Two of Leipzig’s most important churches, quite different in style, are linked in many ways, not least by a quarter century when Johann Sebastian Bach was Thomas-kantor, official music director for the two Protestant churches, as well as two smaller ones.
During those years, 1723 to 1750, these two churches were the main venues for premieres of some of his most important works; the Nikolaikirche, seen above, saw the first performance of the St. John Passion.
The church, dedicated to St Nicholas, patron of travelers, was first built in 1165 in Romanesque style, then rebuilt in the 1500s with Gothic styling and twin towers, and then again in 1730 with Baroque elements, including the present tower.
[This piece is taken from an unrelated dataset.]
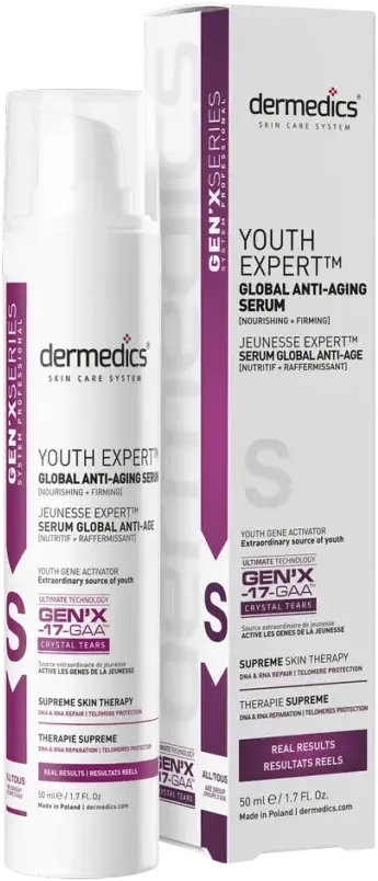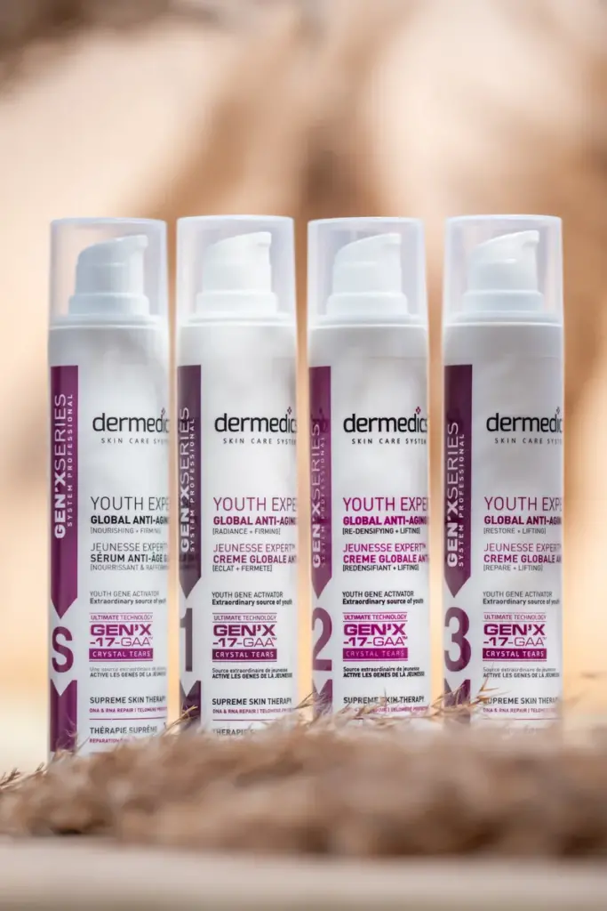 A DERMEDICS GEN’X termékcsalád tudományosan bizonyított hatóanyagokkal támogatja a bőr feszességét, hidratáltságát és megújulását a 30+, 45+ és 60+ korosztály számára.

It’s one of the city’s largest churches, and in the late 1980s it became known as a center of quiet resistance to East Germany’s government, with weekly Monday demonstrations in its pews.
When I visited, I was startled by the ceilings, which are unlike any I’ve seen in a German church (or nearly anywhere else). The closest similarity I could find was far away, in Antoni Gaudi’s columns in Barcelona’s Sagrada Familia basilica. I wonder if he had visited Leipzig!
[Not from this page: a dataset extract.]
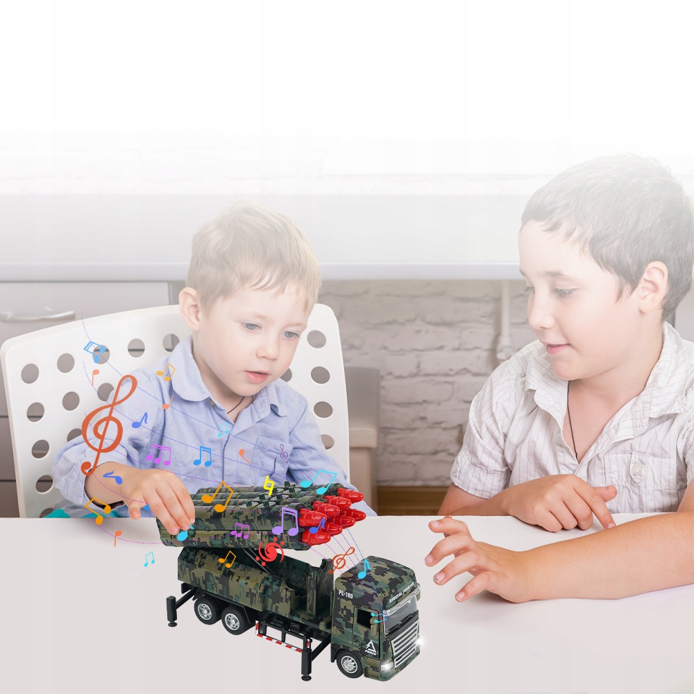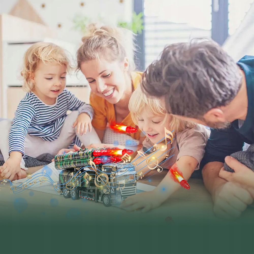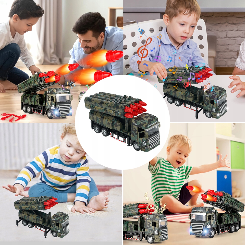 Эта игрушечная военная машина оснащена 16 ракетами, которые можно заряжать, выгружать и запускать. Башню можно поднимать и опускать на 45 градусов.

The St Thomas Church, or Thomaskirche, is not as old, but sits on foundations that predate the present church, which was built in 1537—and its boys’ choir, still a leading group, dates to 1212. It was built in Baroque style, but Bach would probably not recognize it; in the late 1800s its interior style was hurled back in time to look Gothic.
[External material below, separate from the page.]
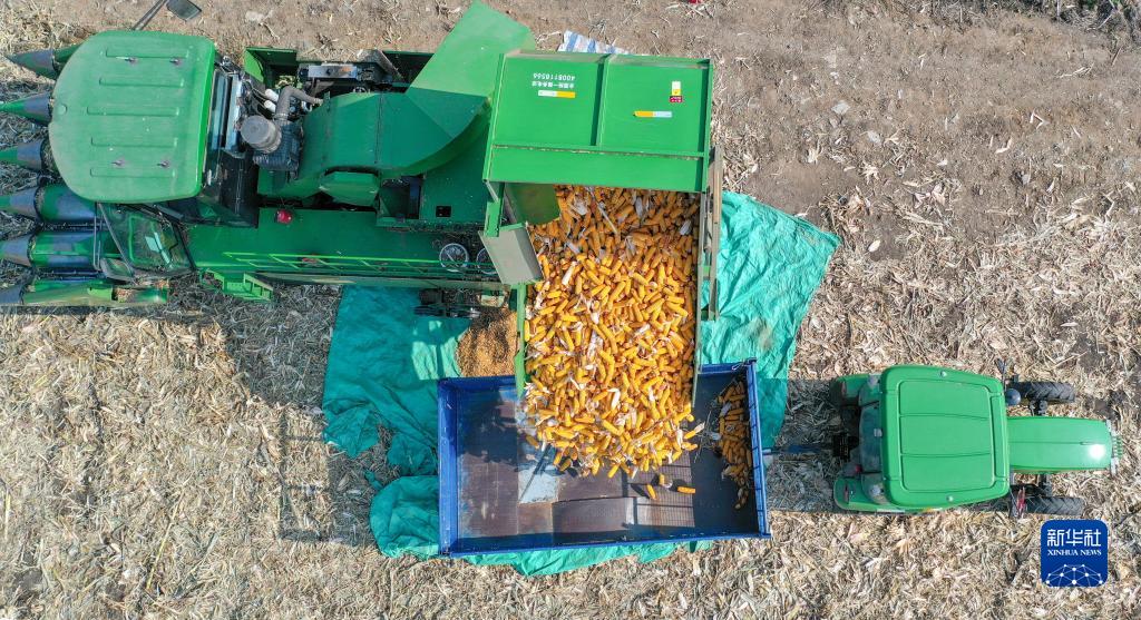 10月11日,在吉林省公主嶺市范家屯鎮乾程農民專業合作社,農民操作農機收獲玉米(無人機照片)。

Bach’s tomb is in the church, which was his principal workplace in Leipzig, but that’s relatively recent; they were moved to the church in 1949 from another church that was not rebuilt after wartime destruction. The Thomaskirche was also seriously damaged, but rebuilt.
The Thomaskirche’s first celebrity was not Bach, but Martin Luther, who preached in the new church in 1539, only two years after it opened. It also has other musical connections, including to Wagner and Mendelssohn. Wagner was baptized in the church, and studied piano with the Thomaskantor of his time.
The Thomaskirche organ also has hosted famous names; on May 12, 1789, the guest organist was Wolfgang Amadeus Mozart, two years before his death.